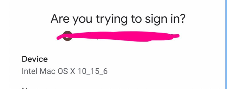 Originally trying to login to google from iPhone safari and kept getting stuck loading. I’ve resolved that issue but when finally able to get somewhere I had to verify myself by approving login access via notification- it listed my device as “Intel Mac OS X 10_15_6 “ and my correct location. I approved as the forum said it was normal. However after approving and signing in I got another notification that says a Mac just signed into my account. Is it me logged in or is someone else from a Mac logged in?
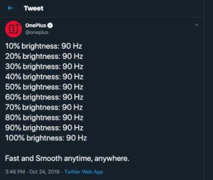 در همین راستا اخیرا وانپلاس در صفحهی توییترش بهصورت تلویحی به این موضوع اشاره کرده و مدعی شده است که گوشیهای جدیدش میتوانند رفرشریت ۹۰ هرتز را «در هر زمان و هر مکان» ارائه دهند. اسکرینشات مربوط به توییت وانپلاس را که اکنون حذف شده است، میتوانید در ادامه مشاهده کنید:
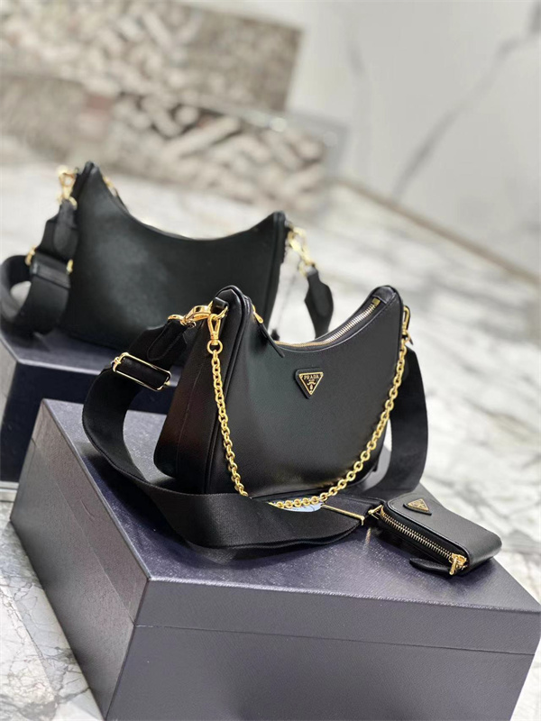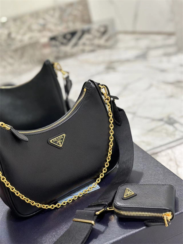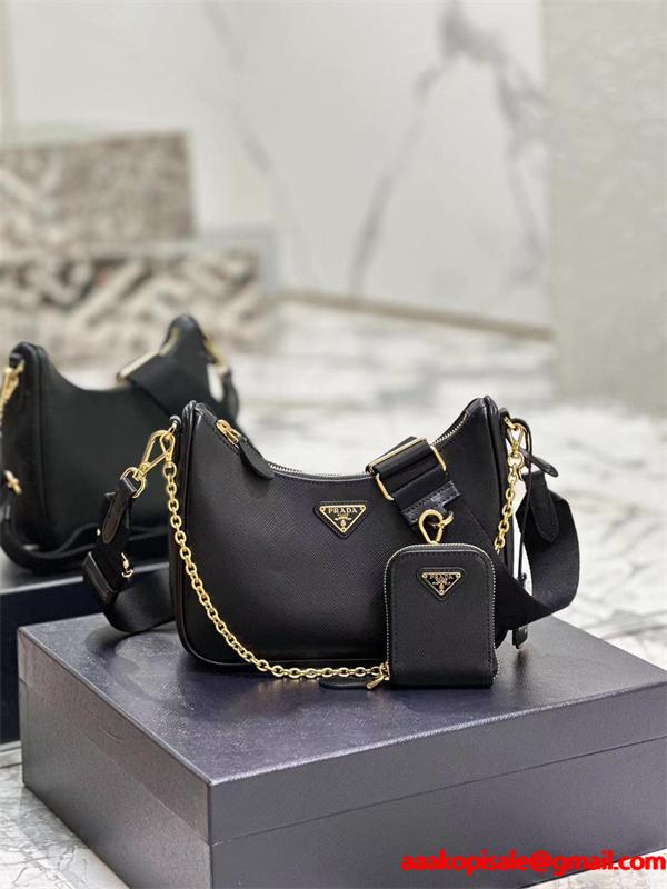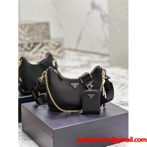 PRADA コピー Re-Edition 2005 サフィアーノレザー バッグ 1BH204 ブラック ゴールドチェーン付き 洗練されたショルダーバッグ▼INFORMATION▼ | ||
* * *
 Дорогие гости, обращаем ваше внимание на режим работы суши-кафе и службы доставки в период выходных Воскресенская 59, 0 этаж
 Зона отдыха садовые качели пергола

EXERCISE: When the line with "Дорогие гости, обращаем" is reached in the data above, begin copying, and stop after the line with "Зона отдыха садовые качели пергола"; copy each line exactly, both ends included.

YOUR SOLUTION:
 Дорогие гости, обращаем ваше внимание на режим работы суши-кафе и службы доставки в период выходных Воскресенская 59, 0 этаж
 Зона отдыха садовые качели пергола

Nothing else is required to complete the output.